(Dataset records)

____________

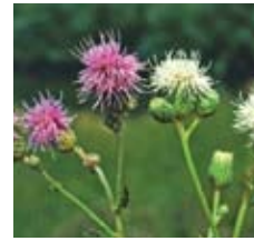
Canada Thistle
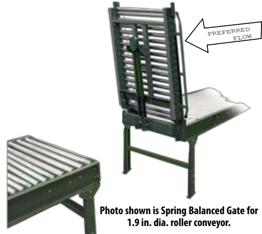
Photo shown is Spring Balanced Gate for 1.9 in. dia. roller conveyor.
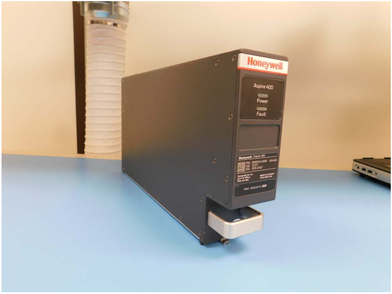
Figure 2: HPA Isometric View
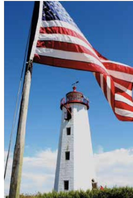
Virginia Baltay Guilford, CT
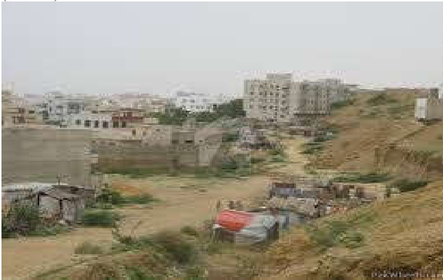
Photo 1: Urban housing on the Mulri Hill, Source: picture taken by authors.

In 1980 an urban housing scheme Gulistan-e-Jauhar was announced in this area and the topographic and archaeological features and sites of Mesolithic settlements have buried under the urban built up landscape (Photo-1).
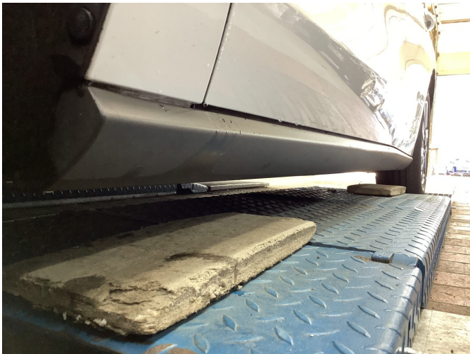
Figure 24: Misc.
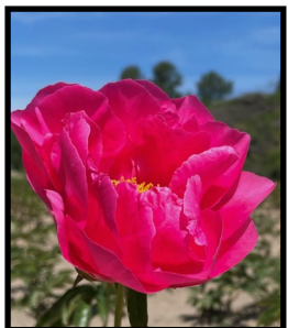
Name: Paula Fay Color: Bright Pink Flower: Single Bloom: Very Early
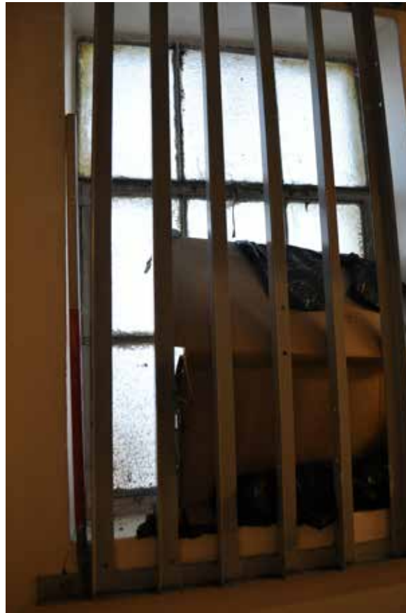
Plate 128: Building 3, Room 1/4, detailed view of window on WSW facing wall, looking east
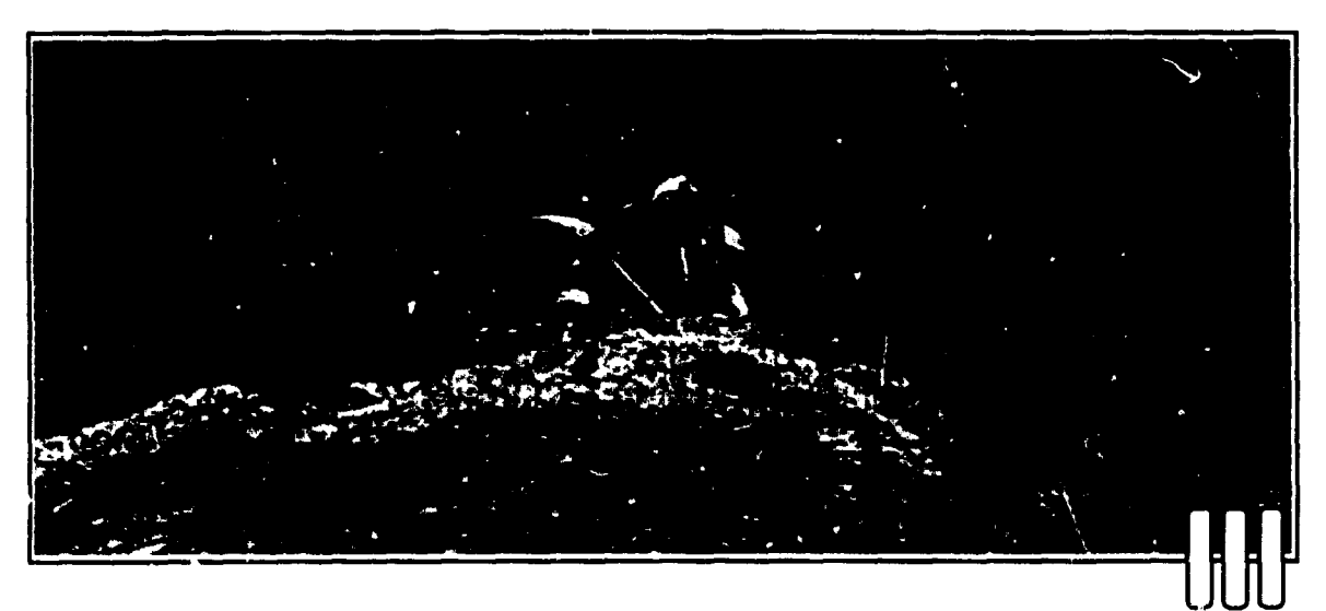
Figure A: "Bug of the Badlands"

Mark W. Tilden Biophysics Division Los Alamos National Laboratory Los Alamos, NM 87545, USA <mwtilden@lanl.gov> P: 505/667-2902 F: 505/665-5103
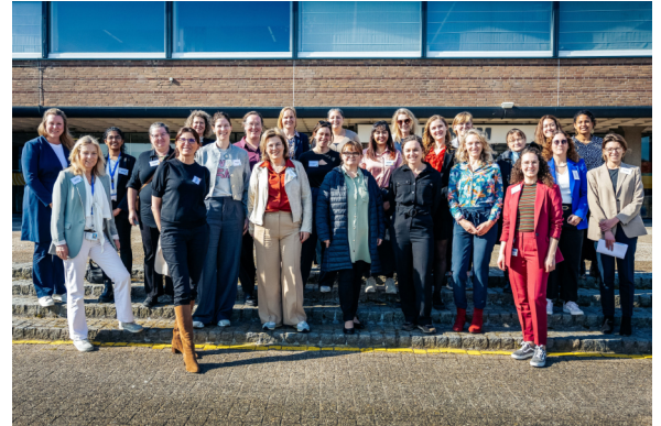
Group photo of the kick-off event.

Be proud to be a professional women working in the nuclear sector and dare to speak up!
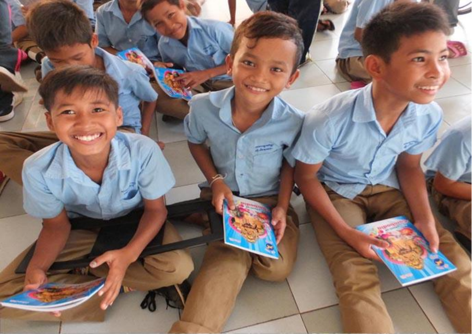
Students at La Valla School
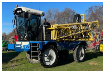
Househam Merlin M4-32 208799 (A) Merlin M4-32, Self-Propelled Sprayers, 2015, 5800 hours, 235hp, Used, Hydrostatic, 50 $243,000.00+GST
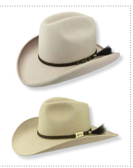
NEW PRODUCTS: Kentucky Rancher (top) and Mansfield High Country (bottom)

Featuring our most popular winged brim shape, the Mansfield provides both sun protection in the High Country and style at the local B&S. The Mansfield High Country is available in Sand and Sorrel Tan on indent only.
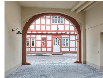
Entrance © Michael Meisen
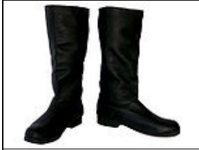
Boots For 501st approval:
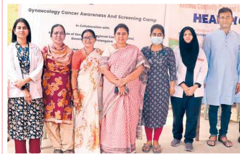
Nirman NGO, along with the support of Cigniti Technologies in collaboration with M.N.J Institute of Oncology and Regional Cancer Hospital, organised a free Gynaecology cancer awareness and screening camp, at Chacha Nehru Nagar community hall in Bansilalpet.
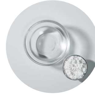
LIMEWATER CALCIUM HYDROXIDE + WATER
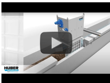
Animation: HUBER Band Screen CenterMax® pp

https://www.youtube.com/watch?v=NXErUdOr39A
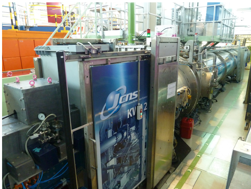
Figure 1: Instrument KWS-2.
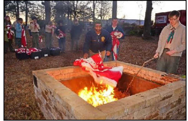
Boys Scouts of America Troop 404 (Pelham Troop 404) conducted a Flag Retirement Ceremony at the City of Pelham Cemetery. Local Scouts and leaders, neighboring Scouts, parents, and members of The American Legion Matthew Blount Post 555 gathered around a fire pit to observe how to properly retire a worn-out (faded, torn, or otherwise unserviceable) American flag. Matthew Blount Post 555 is the Charter Sponsor of Troop 404.
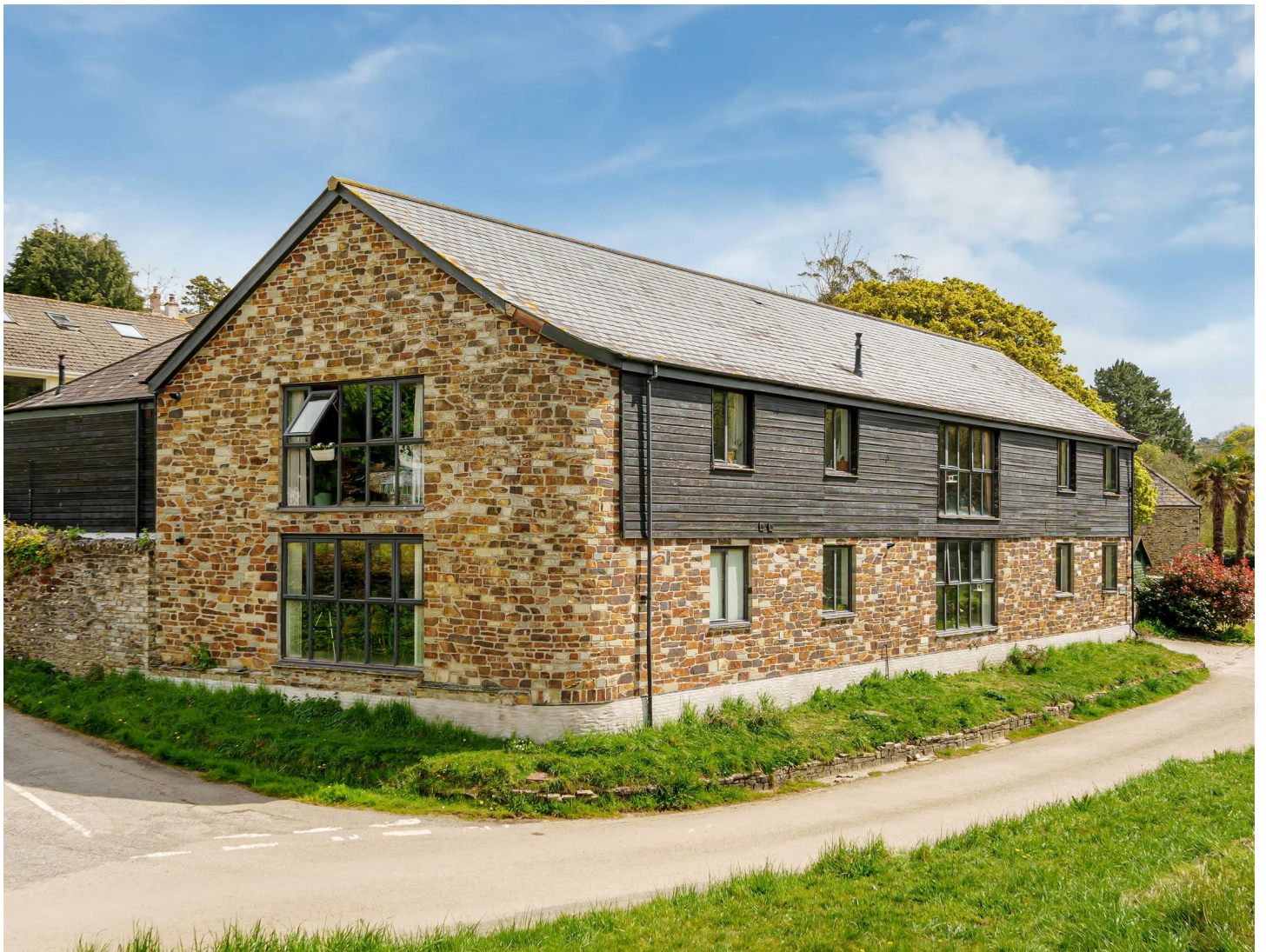
4 The Old Malthouse
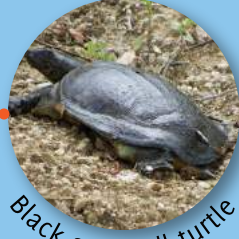
Black softshell turtle

No reasonable doubt last individual has died

____________

# What to produce
Go through the data above and copy each line in which "Figure" appears.

# Solution
Figure 2: HPA Isometric View
Figure 24: Misc.
Figure A: "Bug of the Badlands"
Figure 1: Instrument KWS-2.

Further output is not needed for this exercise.